Em maio, no Congresso Nacional, o ministro do
Planejamento, Nelson Barbosa, admitiu que as chamadas "pedaladas fiscais”
atingiram "valores muito excessivos, o que não é prática usual e
recomendada". Mas acrescentou que esse procedimento não é ilegal, pois, em
sua visão, não constitui empréstimo de bancos públicos para a União.
6. Quem deve se explicar?
Sobre as “pedaladas fiscais”, o tribunal
cobrou explicação de 17 gestores do governo federal, entre eles o presidente do
Banco Central,Alexandre Tombini, o ex-ministro da
Fazenda,Guido Mantega, os ministros do
Planejamento, Nelson Barbosa, e do Trabalho, Manoel Dias, o
ex-secretário do Tesouro Nacional, Arno Augustin, e o ex-presidente do Banco do
Brasil e presidente da Petrobras,Aldemir Bendine.
7. O que acontece se as contas não forem
aprovadas?
O TCU não tem poder para reprovar as
contas do governo. O que a corte faz é elaborar e votar um parecer que sugere
ou não aprovação, que pode ser com ressalvas. Esse parecer, então, é
encaminhado ao Congresso que, aí sim, tem a responsabilidade por fazer o
julgamento político da atuação do governo.
O trâmite prevê que o relatório do TCU
deve ser avaliado pela Comissão Mista de Orçamento e, depois, pelo plenário da Câmara e
do Senado. Se as contas do governo forem realmente rejeitadas nessas votações,
a presidente Dilma Rousseff pode ser alvo de um processo de impeachment.
Uma das razões é justamente o caso das
“pedaladas” que, para o TCU, fere a Lei de Responsabilidade Fiscal.

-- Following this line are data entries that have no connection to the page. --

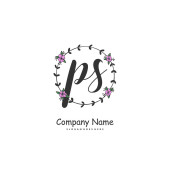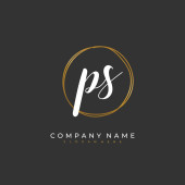 P S PS Wstępny projekt pisma ręcznego i logo podpisu z okręgiem. Piękny projekt ręcznie pisane logo mody, zespołu, ślubu, luksusowe logo.
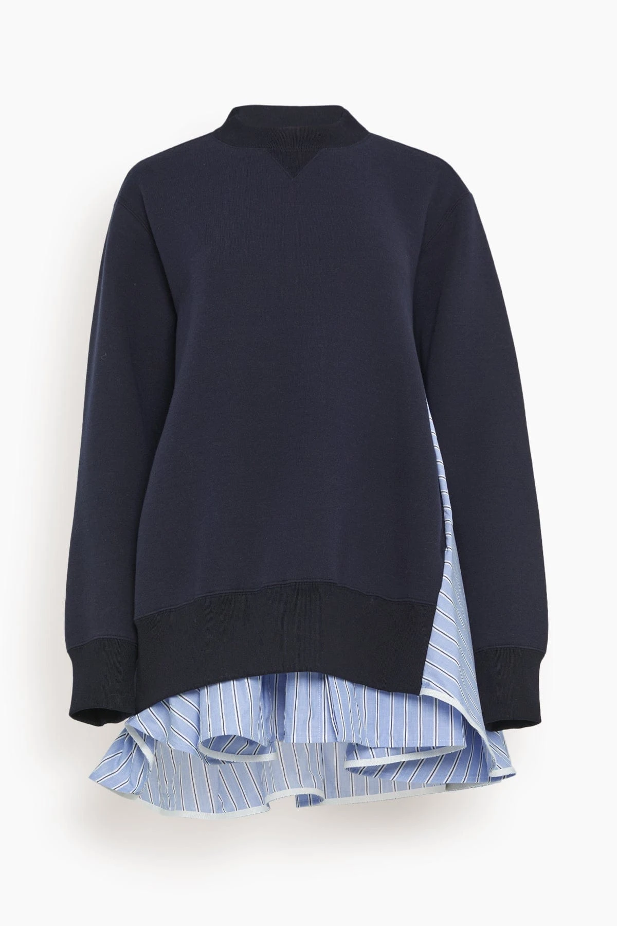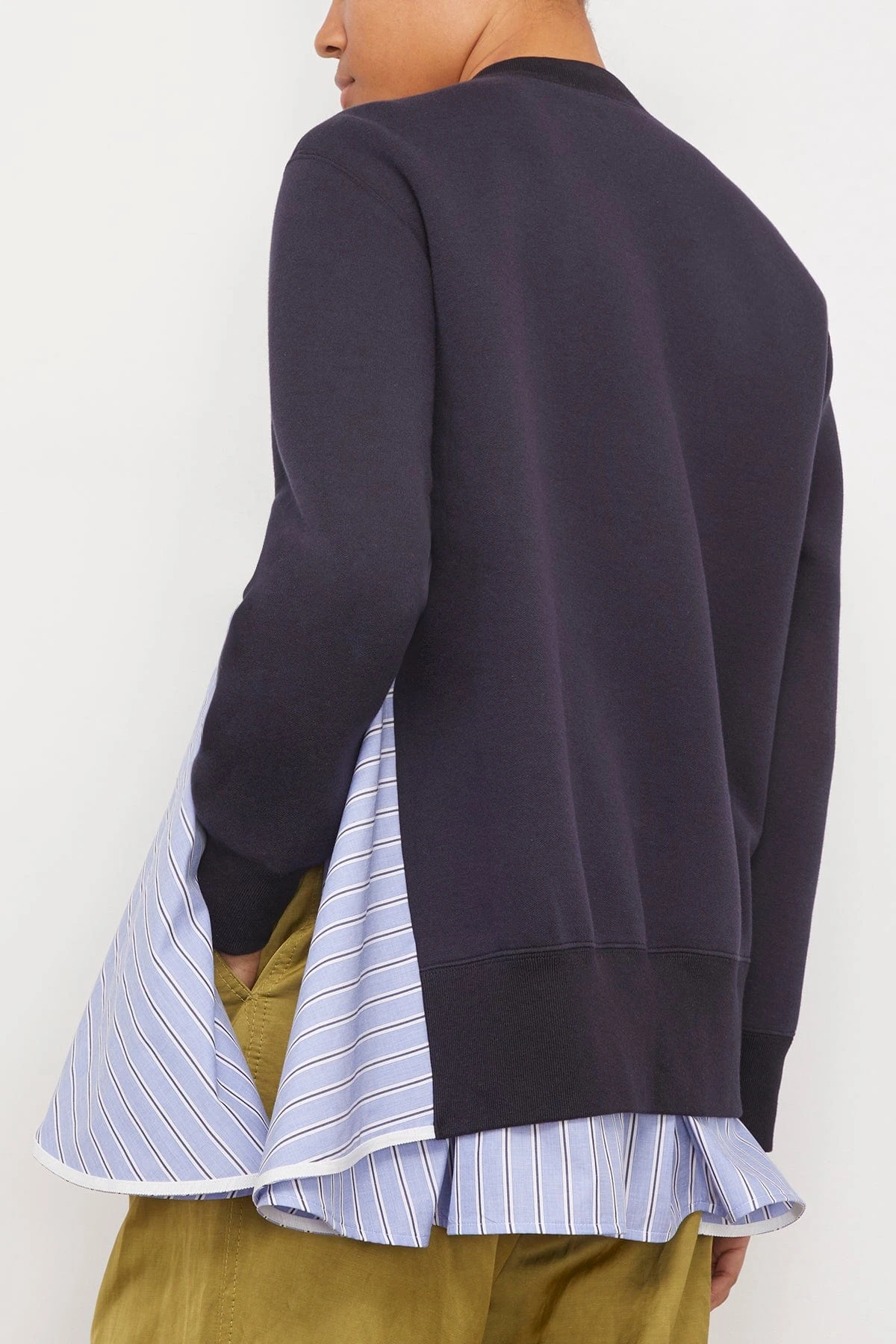 The Sacai Sponge Sweat Pullover in Navy features a layered design with a striped flared underlayer and back panel. This pullover features flared poplin panels inspired by classic shirting. This spongy crewneck sweatshirt rendered in Chitose Abe’s quintessential hybridized style makes this pullover a piece you’ll wear every fall/ winter season.
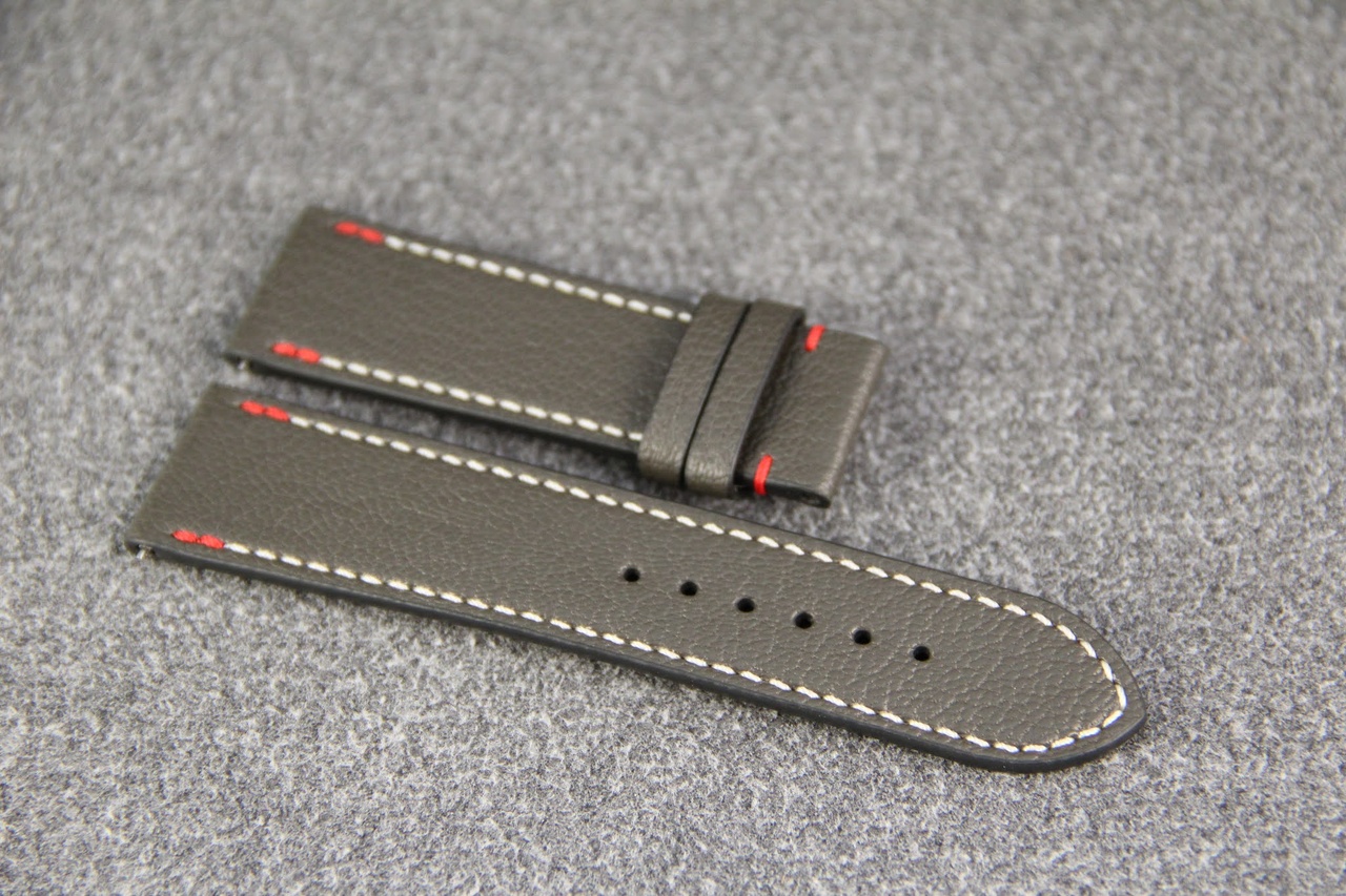 Ремешок для часов Panerai Luminor Due PAM 903. Верх ремешка сделан из кожи теленка. Подкладка ремешка из кожи теленка. Ремешок прошит вручную. Установлены шпильки для быстрой замены ремешка.
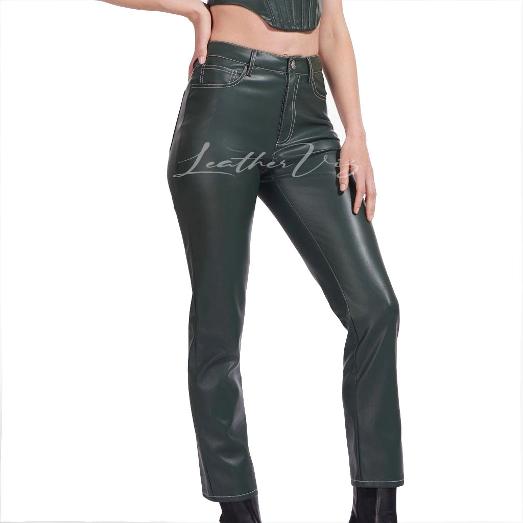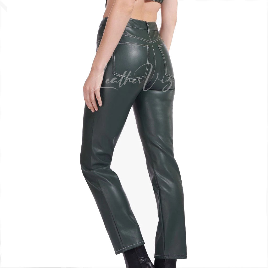DARK GREEN WOMEN LEATHER TROUSERS

Entretanto, nunca as contas de um
presidente brasileiro forem reprovadas. Em 1937, durante a ditadura de Getúlio
Vargas, o ministro do TCU Carlos Thompson Flores apresentou parecer pela
rejeição das contas do governo do ano anterior. Seu parecer, porém, não foi
aprovado pelo plenário da corte.
O que é o TCU e para que serve?
A Constituição de 1988 conferiu ao TCU o
papel de auxiliar o Congresso Nacional no exercício do controle externo. Entre
as competências constitucionais estão apreciar as contas anuais do presidente
da República; julgar as contas dos administradores e demais responsáveis por
dinheiros, bens e valores públicos; apreciar a legalidade dos atos de admissão
de pessoal e de concessão de aposentadorias, reformas e pensões civis e
militares; realizar inspeções e auditorias por iniciativa própria ou por
solicitação do Congresso Nacional; fiscalizar a aplicação de recursos da União
repassados a estados, ao Distrito Federal e a municípios; determinar a correção
de ilegalidades e irregularidades em atos e contratos; emitir pronunciamento
conclusivo, por solicitação da Comissão Mista Permanente de Senadores e Deputados, sobre despesas
realizadas sem autorização; e apurar denúncias apresentadas por qualquer
cidadão, partido político, associação ou sindicato sobre irregularidades ou
ilegalidades na aplicação de recursos federais.